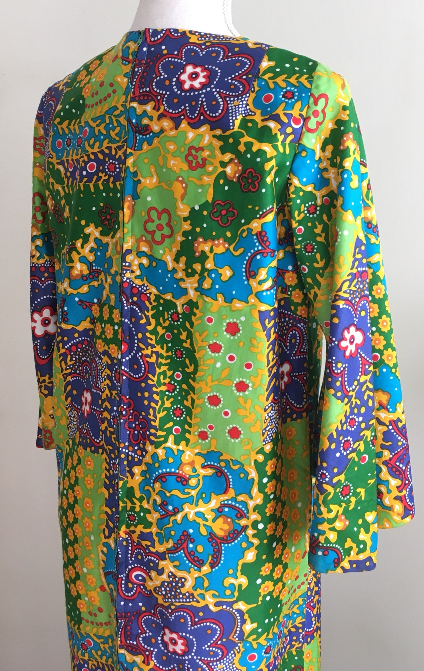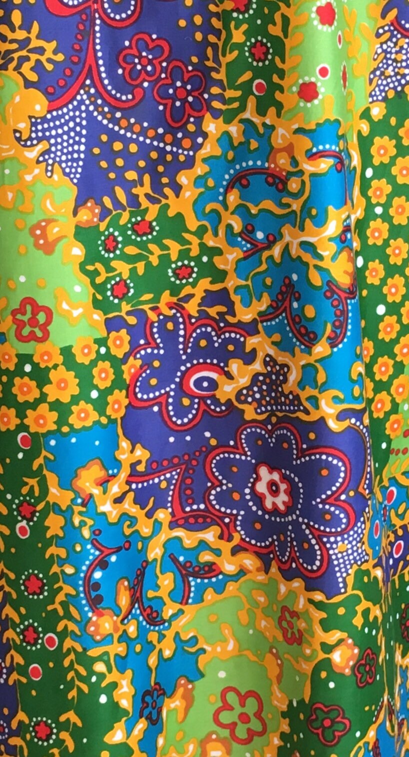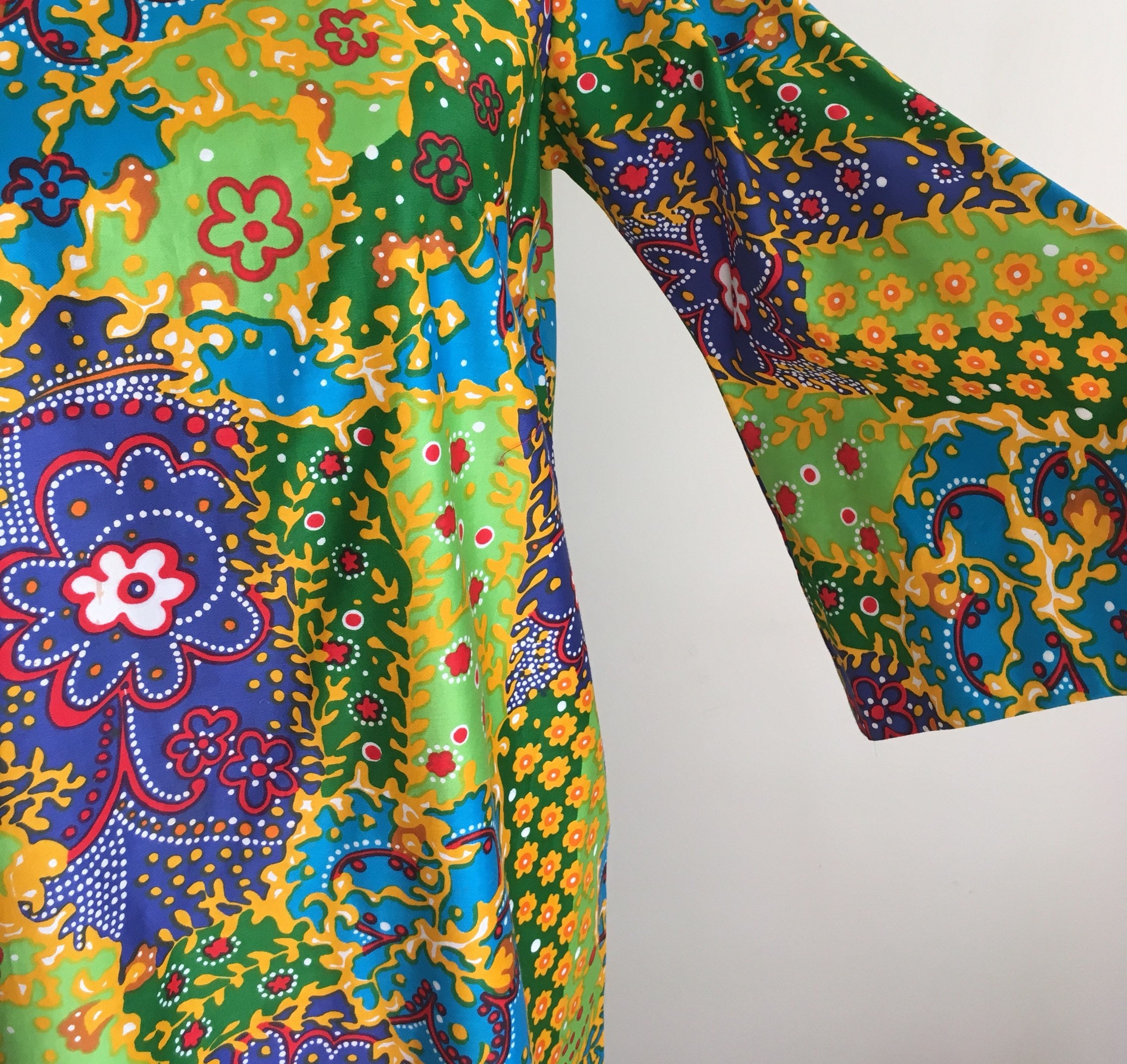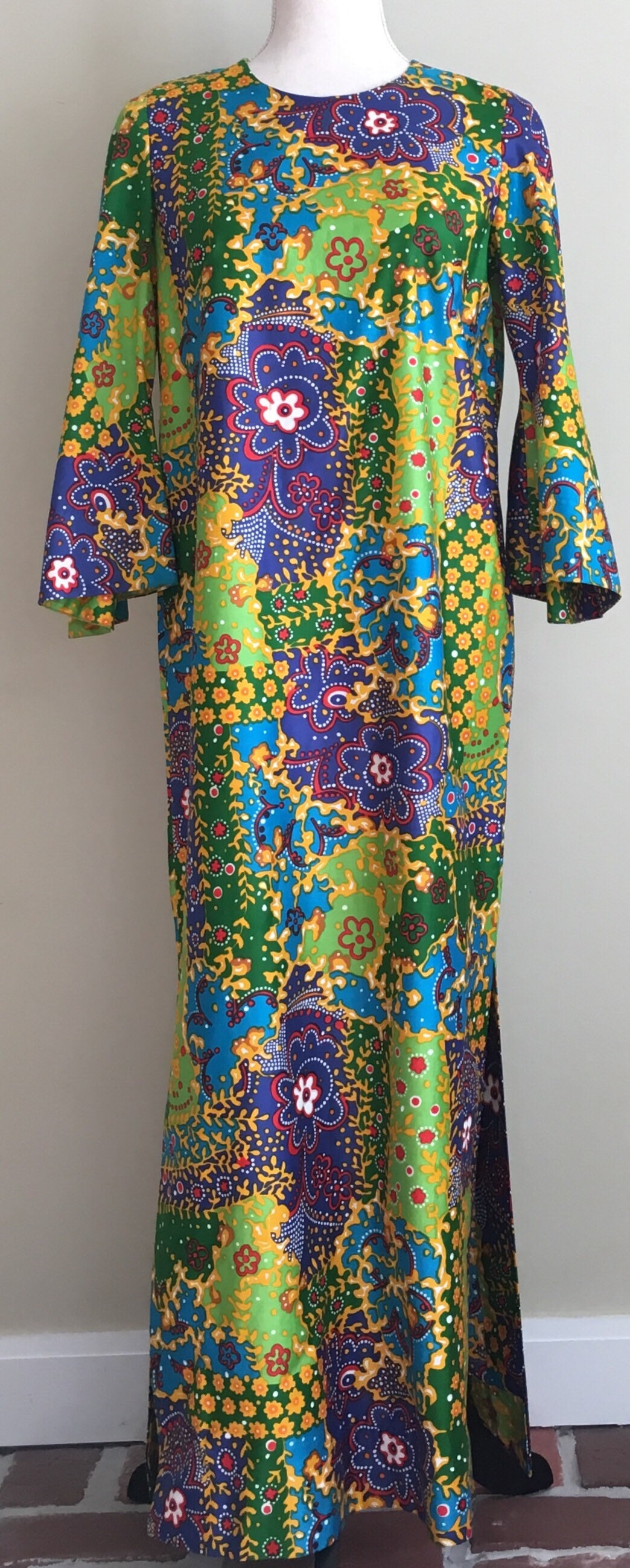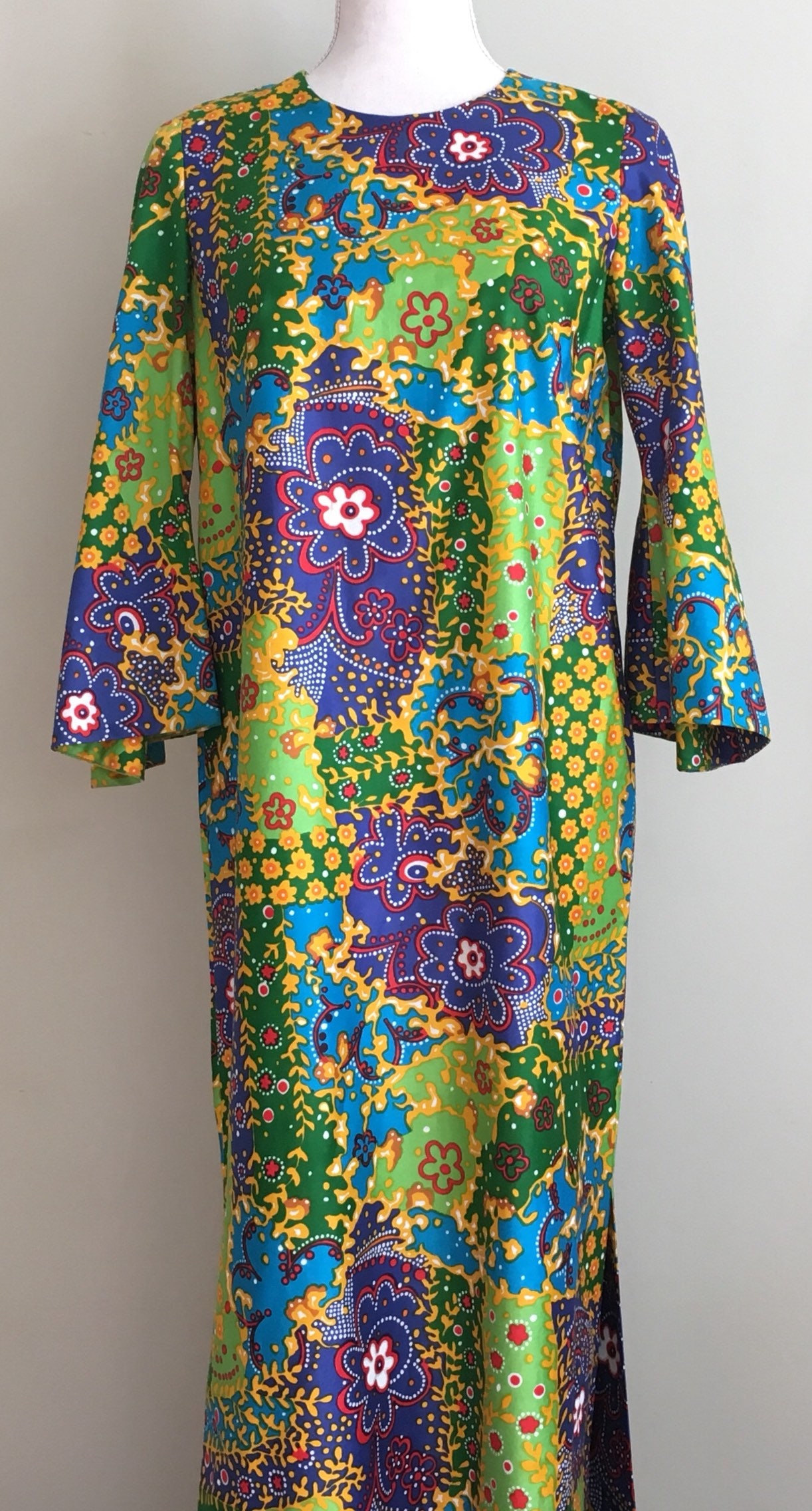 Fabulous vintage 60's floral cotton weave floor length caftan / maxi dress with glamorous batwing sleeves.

● ● ● ● ●

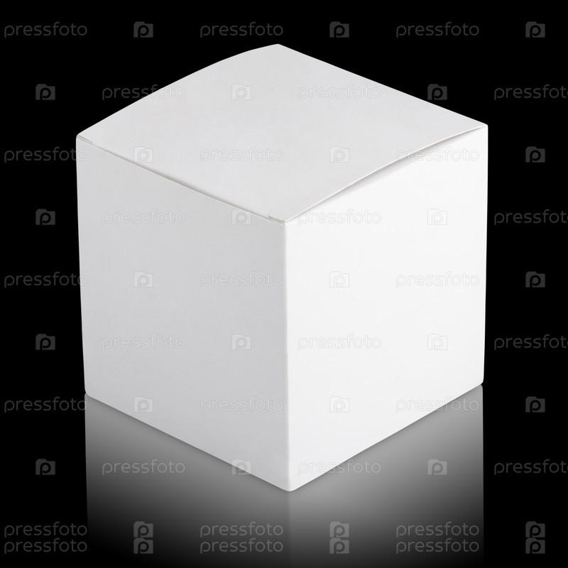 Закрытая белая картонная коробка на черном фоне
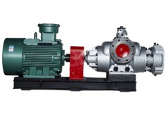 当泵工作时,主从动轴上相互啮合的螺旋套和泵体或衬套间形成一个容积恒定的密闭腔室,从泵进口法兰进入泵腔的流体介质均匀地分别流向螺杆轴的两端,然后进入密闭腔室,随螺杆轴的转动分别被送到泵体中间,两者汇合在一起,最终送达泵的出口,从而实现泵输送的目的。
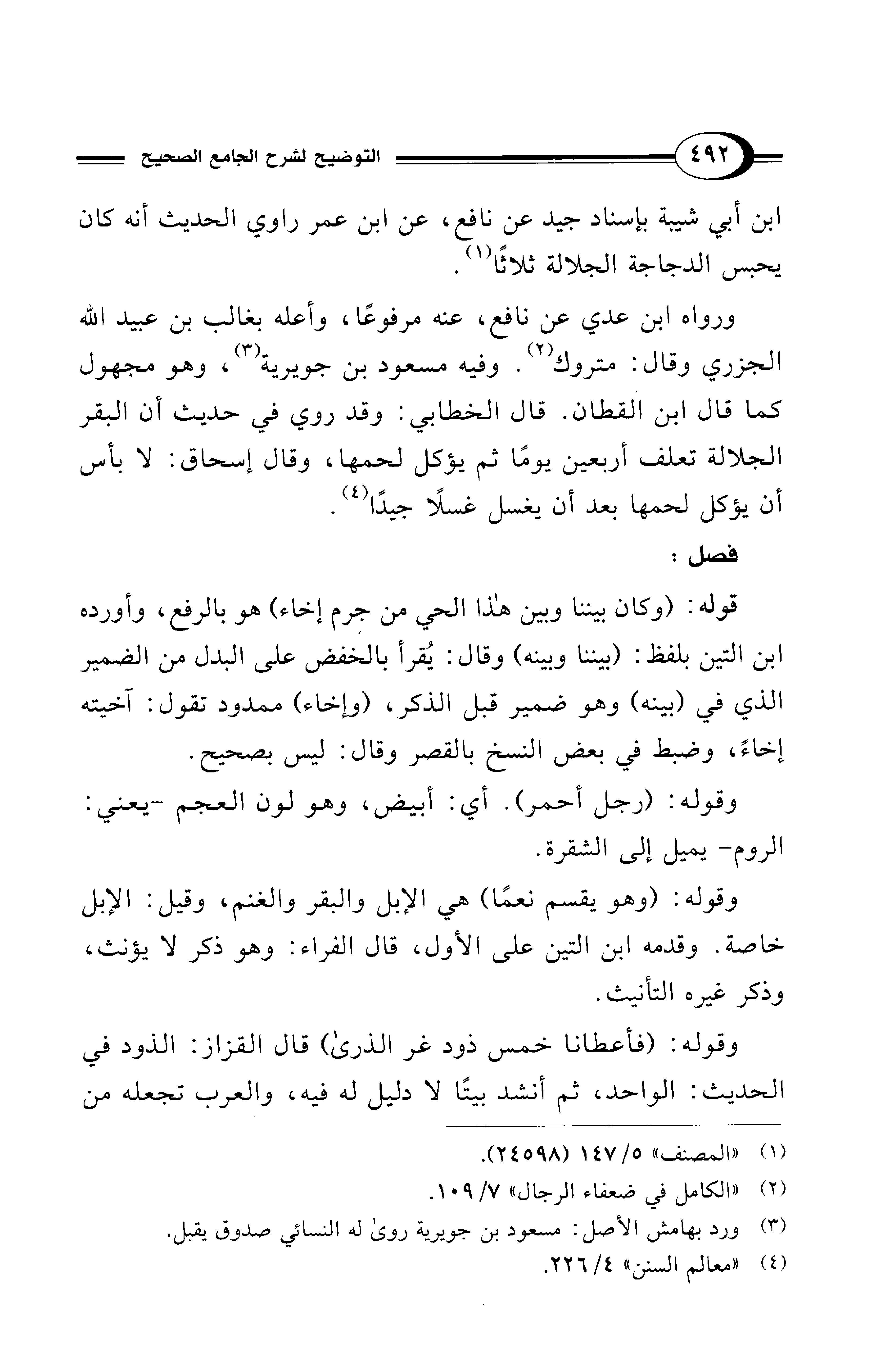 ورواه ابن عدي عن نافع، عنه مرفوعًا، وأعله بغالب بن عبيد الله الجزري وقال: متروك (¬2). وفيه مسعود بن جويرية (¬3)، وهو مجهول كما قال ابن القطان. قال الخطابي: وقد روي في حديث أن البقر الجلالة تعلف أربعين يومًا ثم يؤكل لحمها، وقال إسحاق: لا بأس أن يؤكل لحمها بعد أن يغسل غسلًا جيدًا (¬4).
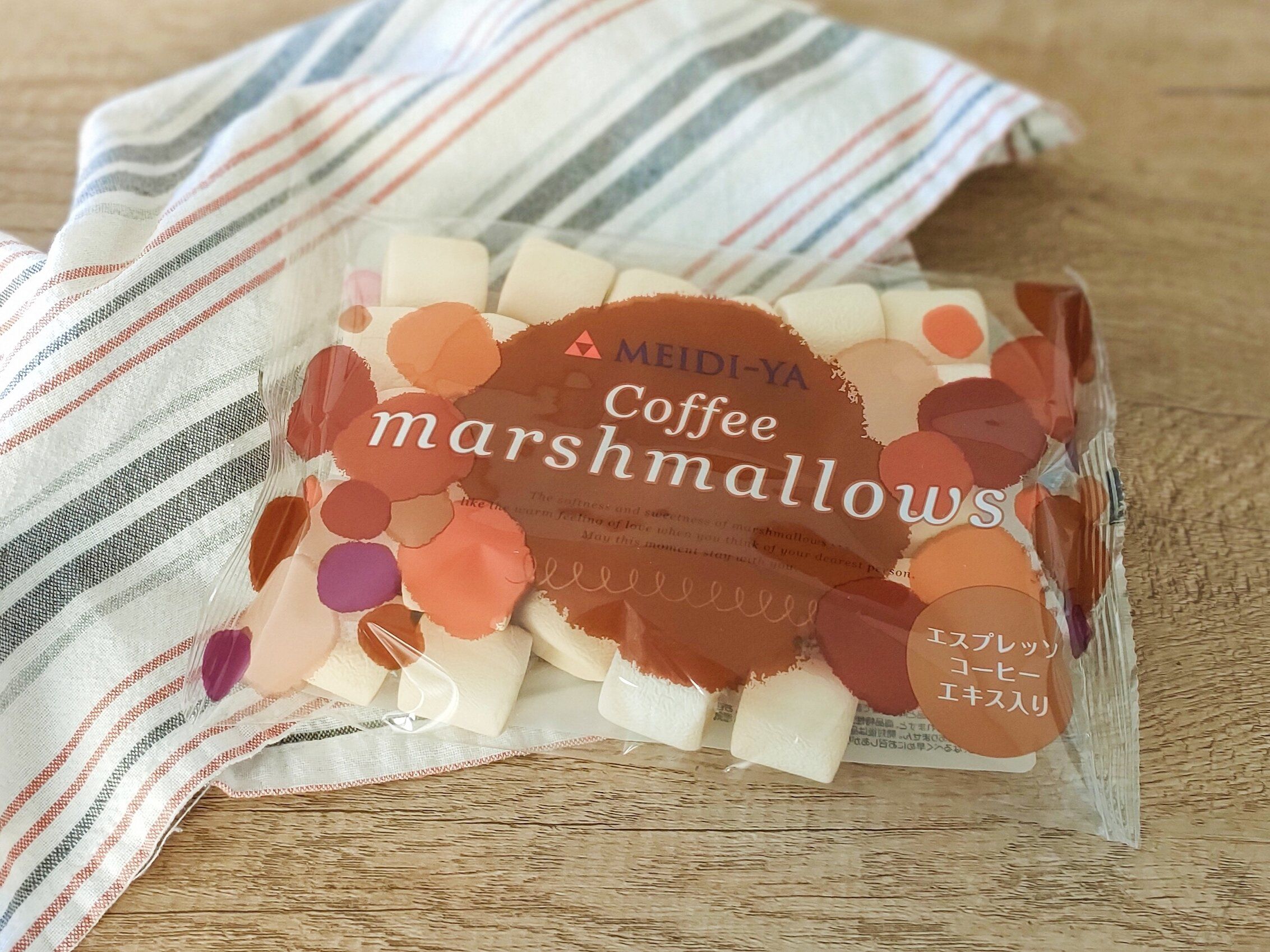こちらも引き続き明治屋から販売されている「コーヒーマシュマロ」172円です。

● ● ● ● ●

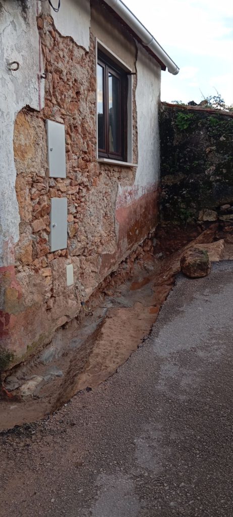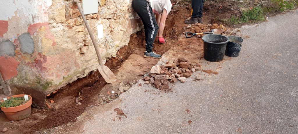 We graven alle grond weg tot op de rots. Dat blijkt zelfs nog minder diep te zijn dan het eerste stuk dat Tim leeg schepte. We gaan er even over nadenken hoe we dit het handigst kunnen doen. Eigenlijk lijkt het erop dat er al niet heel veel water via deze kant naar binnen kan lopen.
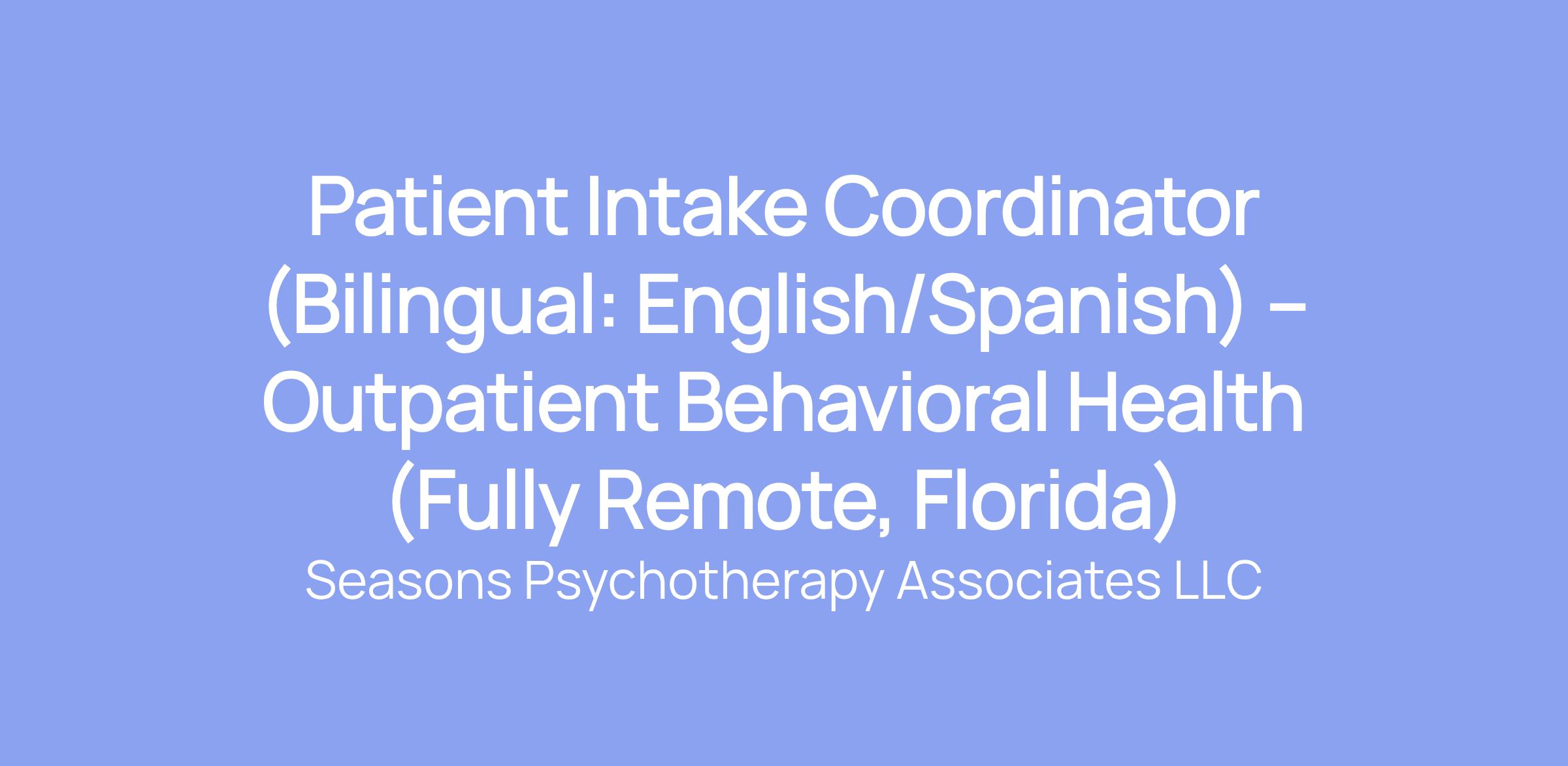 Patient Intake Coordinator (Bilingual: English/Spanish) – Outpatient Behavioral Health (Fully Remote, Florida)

● ● ● ● ●

**What needs to be done**: Starting at the line containing "We graven alle" and stopping at the line containing "Patient Intake Coordinator", output every line above exactly, both ends included, with pictures omitted.

**Answer for the task**:
 We graven alle grond weg tot op de rots. Dat blijkt zelfs nog minder diep te zijn dan het eerste stuk dat Tim leeg schepte. We gaan er even over nadenken hoe we dit het handigst kunnen doen. Eigenlijk lijkt het erop dat er al niet heel veel water via deze kant naar binnen kan lopen.
 Patient Intake Coordinator (Bilingual: English/Spanish) – Outpatient Behavioral Health (Fully Remote, Florida)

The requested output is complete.